この二人の政略結婚に意義ある者は、今すぐ申し出よ。さもなくば永遠に沈黙せよ。

 ひと足先に結婚した兄夫婦は実家であるルーシャン公爵家で寝泊まりして、私の結婚式の準備の手伝いをしてくれているし、昨年宰相を引退した祖父は可愛い孫娘の晴れ姿を見ることが楽しみ過ぎて、先ほどの晩餐では涙を流してしまっていた。

 可愛がってくださるお祖父様に喜んでもらえることは嬉しい……嬉しいけれど、好きな人を姑息な手段で手に入れることには私はどうしても抵抗を感じていた。
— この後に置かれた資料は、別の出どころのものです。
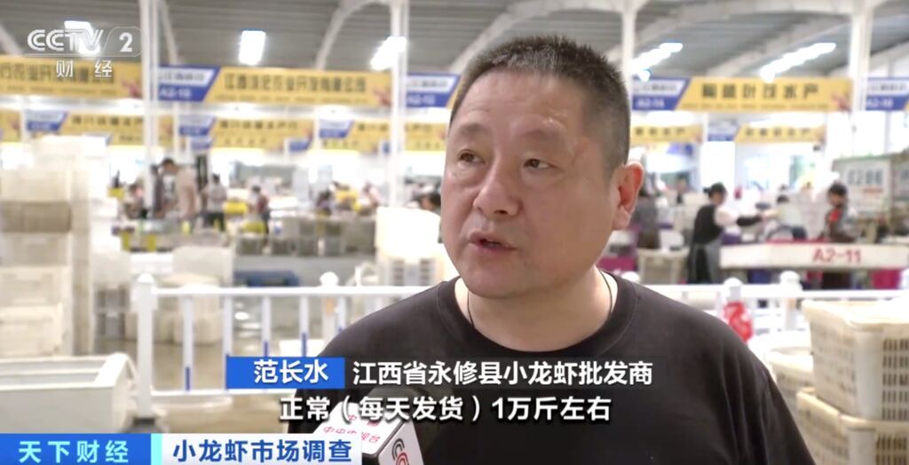 江西省永修县小龙虾批发商 范长水:正常每天发货10000斤左右,现在马上进入高峰期,每天上货大概40000斤到50000斤,有些剩余没走完的货,旁边有几个大冷库可以冷藏。

 ……こんなこと、しなければ良かった。大きな権力を持つ祖父に頼み込んで、好きな男性を手に入れるなんて。

 もっと正当な手段、兄に紹介してもらって、その上でノアが私ともっと話したいと望み、関係を深めて結婚することになれば、こんな思いを抱かなくて良かったのに。

 ああ。そうよ。私ったら、何を考えているのかしら。

 私はノアのことが好きだと、まだ伝えていないのよ。婚約している時も、家同士が決めたことだから政略結婚として仕方ないという態度を崩さなかった。

 私はとても狡い女なのだ。

 それなのに、大好きな人と結婚する……ノアは貴族の務めとして、私と結婚をするだけなのに。